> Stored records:
"""
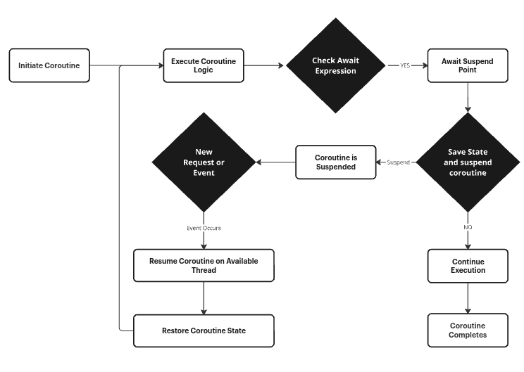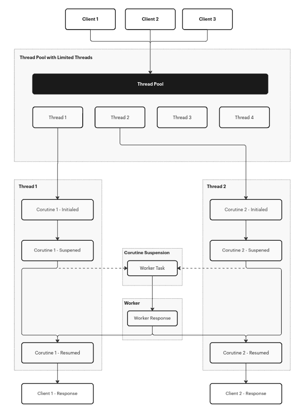 To optimize this process, we employ a strategy where a thread alternates between assigning tasks to workers and, upon receiving the response, transmitting it to the recipient. A more efficient solution lies in utilizing coroutines, which can execute on any thread and require less thread-specific data (making coroutine switching faster than thread switching).
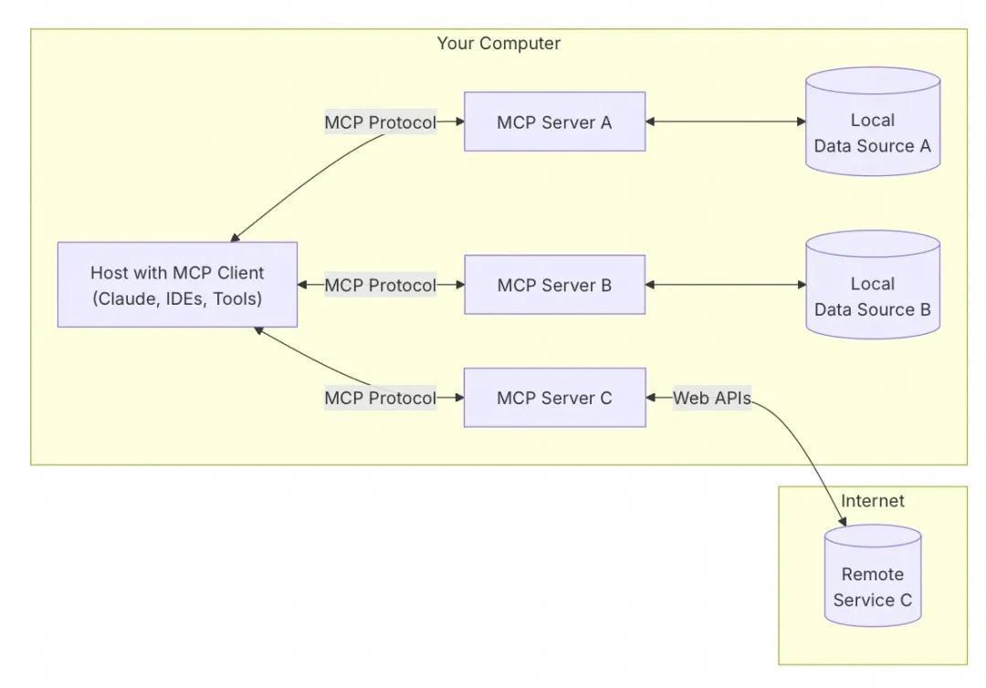 要搭建一个符合 MCP 协议的基本系统,仅需部署一个轻量 Server 并在 Client 端配置相应连接,即可完成工具链接入。MCP 支持包括本地文件、数据库、远程 API 等多种数据源,使系统具备极高的扩展性和可维护性。
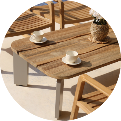 Mamagreen’s outdoor dining furniture emphasise precision craftsmanship, durability, and high-quality materials.
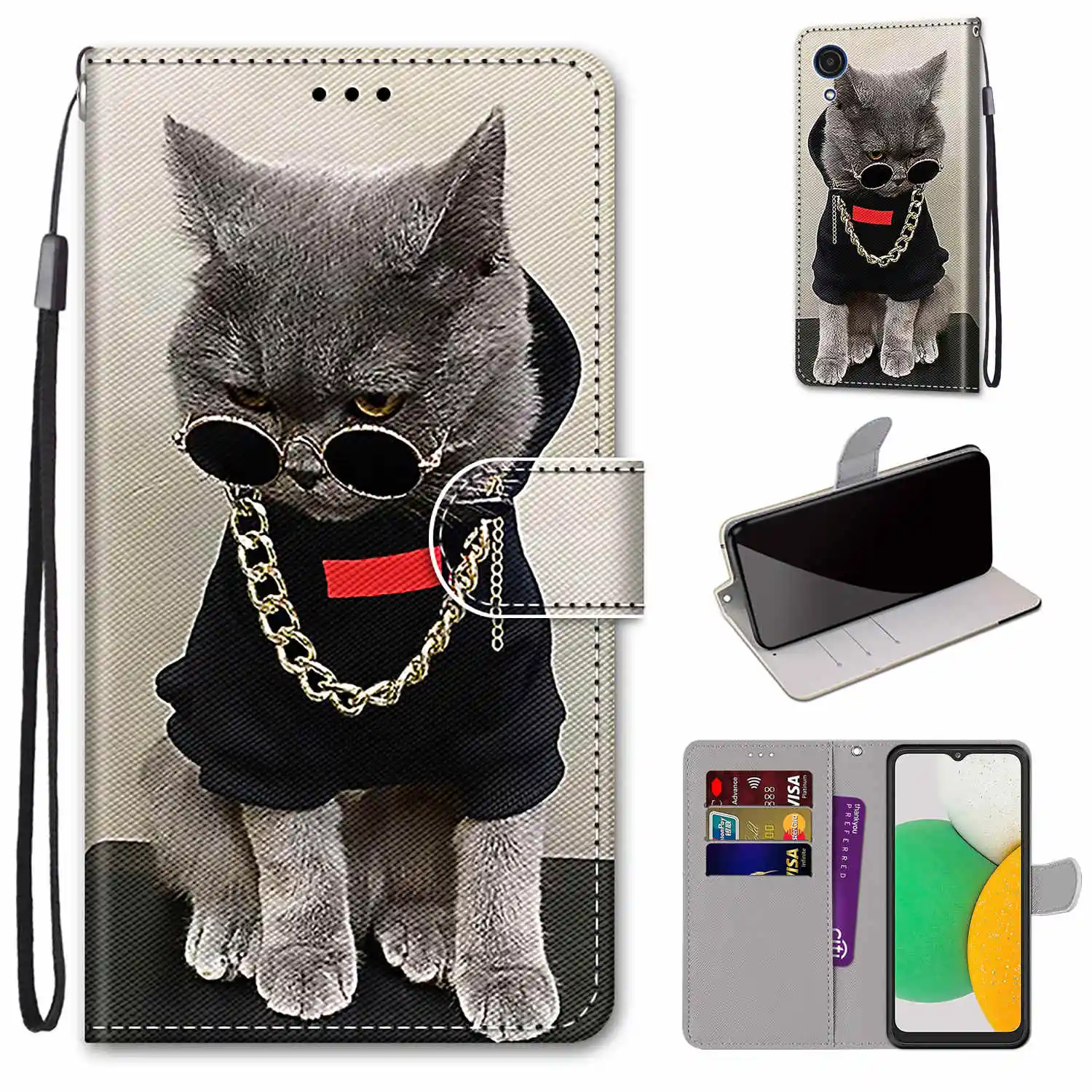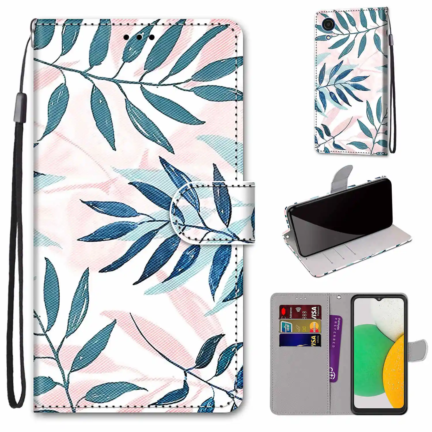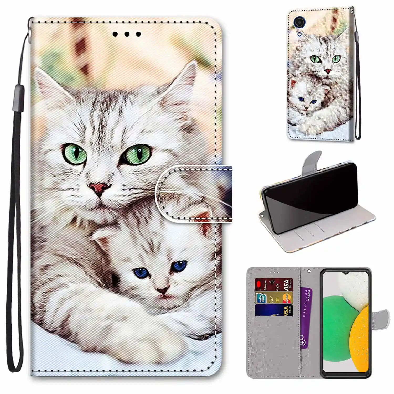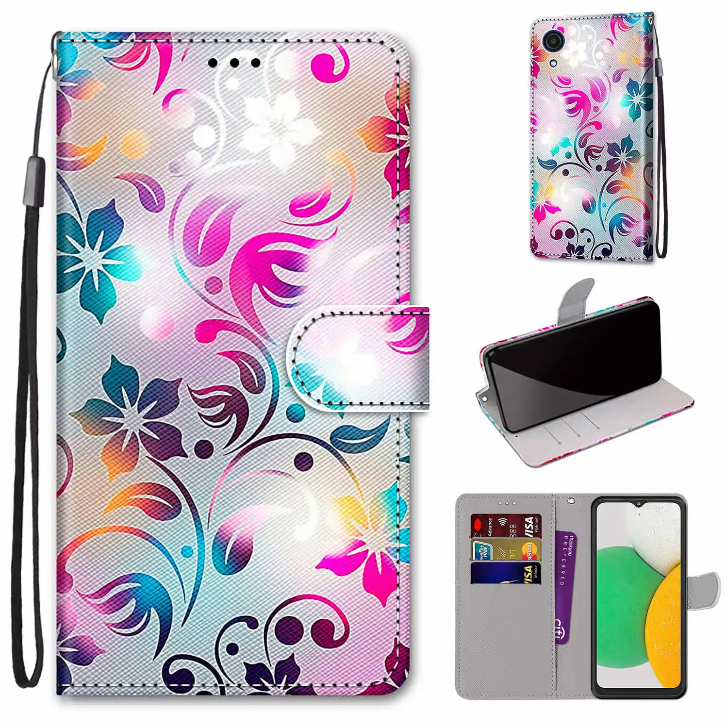 StyleAnimal Cat Flower Pattern Wallet Flip Cover For Samsung Galaxy A03 Core A03s A13 A33 A53 M52 5G S22 Pro Plus Ultra
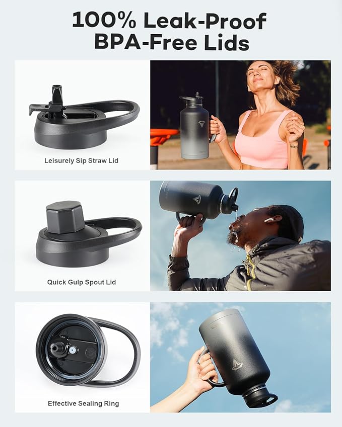 • No Leakage, No Spills: Our stainless steel water bottles comes with a dust-proof flip straw lid and a spill-free spout lid, both 100% leak-proof and spill-proof. The two lids showcase a vibrant color-contrast design, harmonizing with the bottle body's color and adding an extra touch of allure.
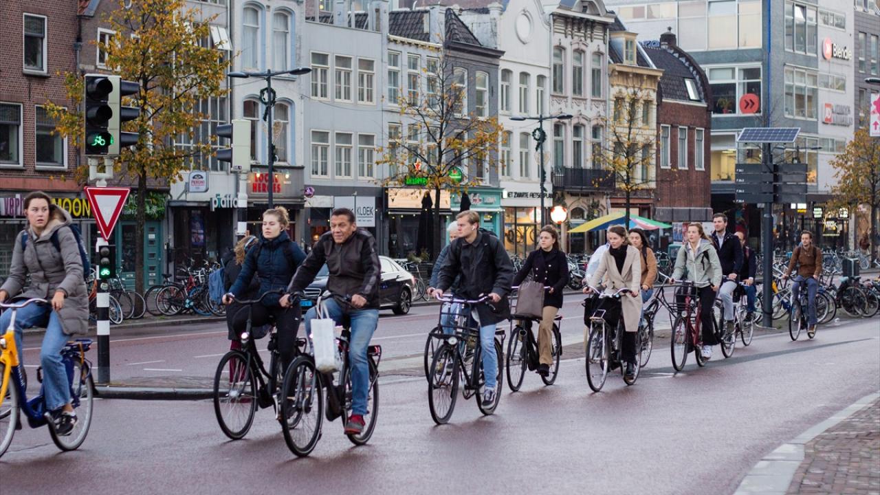 Utrecht kentinde her gün 125 binden fazla kişi işe, okula, tren istasyonuna ve alışverişe bisikletle gidiyor ve bu sayı giderek artıyor.
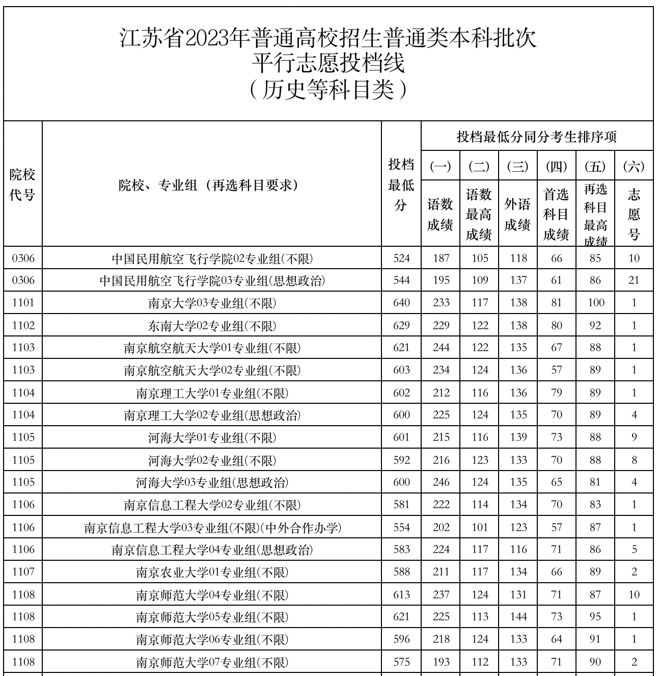 江苏省2023年普通类本科批次平行志愿投档线公布!(历史、无物理等科目类) 点击查看历史类完整版投档分数线
"""
> INSTRUCTIONS FOR THE TASK:
Output, exactly, all the records above; include no pictures.

> TASK SOLUTION:
 To optimize this process, we employ a strategy where a thread alternates between assigning tasks to workers and, upon receiving the response, transmitting it to the recipient. A more efficient solution lies in utilizing coroutines, which can execute on any thread and require less thread-specific data (making coroutine switching faster than thread switching).
 要搭建一个符合 MCP 协议的基本系统,仅需部署一个轻量 Server 并在 Client 端配置相应连接,即可完成工具链接入。MCP 支持包括本地文件、数据库、远程 API 等多种数据源,使系统具备极高的扩展性和可维护性。
 Mamagreen’s outdoor dining furniture emphasise precision craftsmanship, durability, and high-quality materials.
 StyleAnimal Cat Flower Pattern Wallet Flip Cover For Samsung Galaxy A03 Core A03s A13 A33 A53 M52 5G S22 Pro Plus Ultra
 • No Leakage, No Spills: Our stainless steel water bottles comes with a dust-proof flip straw lid and a spill-free spout lid, both 100% leak-proof and spill-proof. The two lids showcase a vibrant color-contrast design, harmonizing with the bottle body's color and adding an extra touch of allure.
 Utrecht kentinde her gün 125 binden fazla kişi işe, okula, tren istasyonuna ve alışverişe bisikletle gidiyor ve bu sayı giderek artıyor.
 江苏省2023年普通类本科批次平行志愿投档线公布!(历史、无物理等科目类) 点击查看历史类完整版投档分数线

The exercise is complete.